From the analysis of the results in Table 2, it can be seen that the runtime performance of SMORE in single-hop link prediction (KG completion) is compared with the state-of-the-art large-scale KG frameworks (including Marius, DGL-KE and PBG), and the performance of SMORE in the 1-GPU setting The time is significantly faster than PBG, but slightly slower than Marius. It also has better scalability than other systems, and runs significantly faster than DGL-KE and PBG in a multi-GPU setup, indicating the superiority of the system in terms of operating efficiency.

For the performance of inference prediction, the experimental results show that on FB15k, SMORE improves the MRR by 3.54% in the Q2B model, which proves the effectiveness of the system in improving KG inference. In the face of query answering on large KGs, baseline methods cannot scale to such large KGs due to insufficient GPU memory and computationally intensive exhaustive query sampling, while SMORE can easily Query embedding scales to these large KGs.

In addition, the experiment compares the performance of the Q2B model trained under different samplers. The results show that the performance of the bidirectional sampler (bidirectional) is better than the exhaustive sampler (exhaustive traversal), while the performance of random sampling is the worst, which proves that Effectiveness of a two-way sampling strategy.

Summarize

This paper studies the problem of knowledge graph completion and multi-hop reasoning. The authors propose a framework named SMORE, which is the first general framework supporting both single-hop and multi-hop reasoning in knowledge graphs. SMORE enables single-hop and multi-hop reasoning on large-scale knowledge graphs.

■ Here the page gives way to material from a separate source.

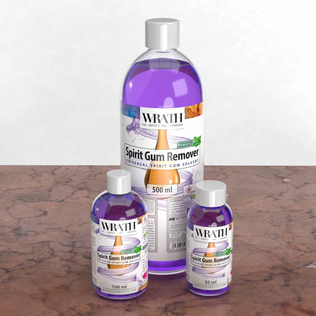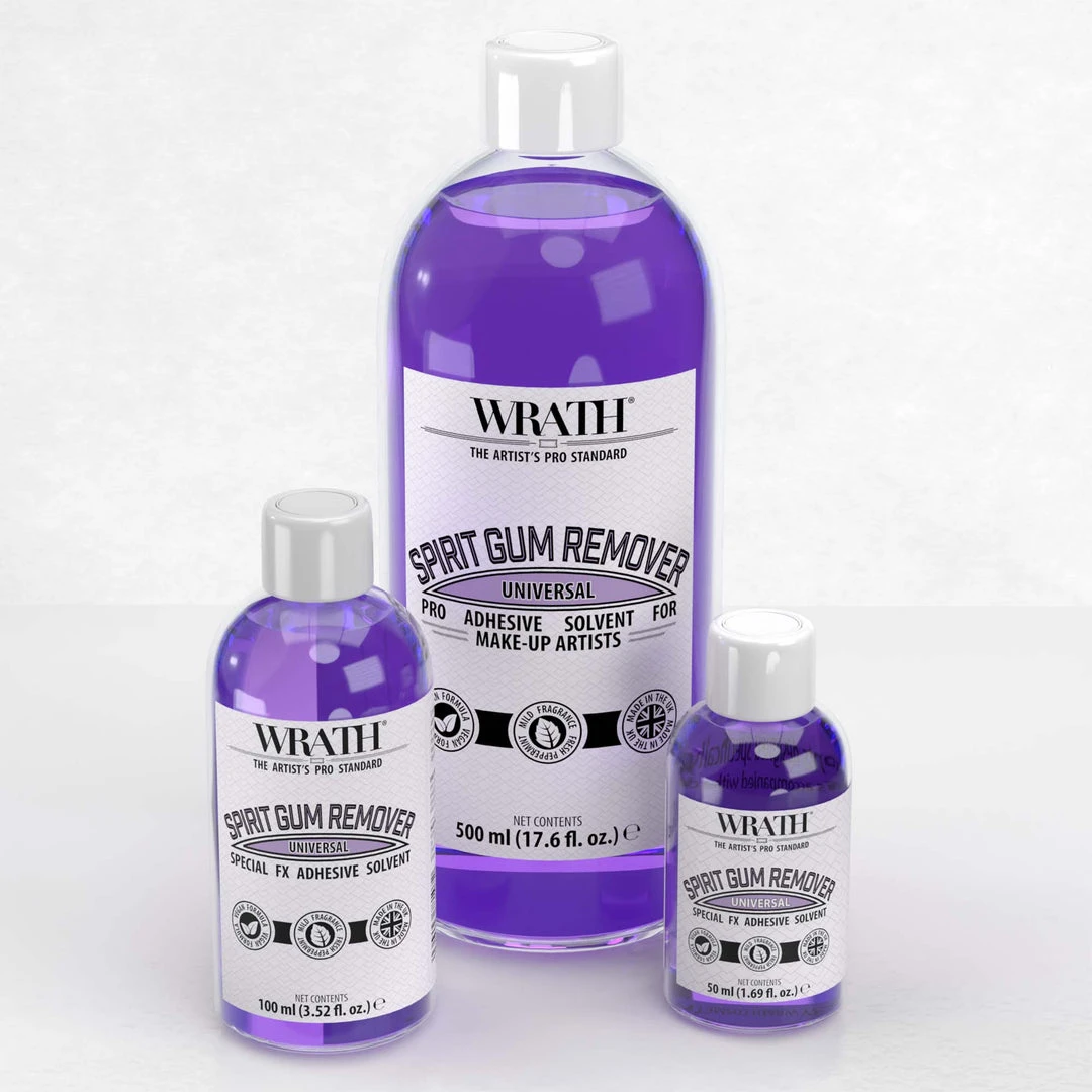 WRATH Spirit Gum Remover is a highly effective solvent for all spirit gum and mastix adhesives. Suitable for use on skin, most silicone, latex or wax prosthetics and crepe hair.

Key to SMORE's runtime performance is a novel bidirectional rejection sampling that achieves a square root reduction in the complexity of online training data generation. In addition, SMORE reduces inference complexity by utilizing strategies such as asynchronous scheduling, overlapping CPU data sampling, and GPU embedded computing, and achieves comparable or even better runtime performance than state-of-the-art frameworks in both single-GPU and multi-GPU settings.


OpenKG

OpenKG (Chinese Open Knowledge Graph) aims to promote the openness, interconnection and crowdsourcing of knowledge graph data with Chinese as the core, and promote the open source and open source of knowledge graph algorithms, tools and platforms.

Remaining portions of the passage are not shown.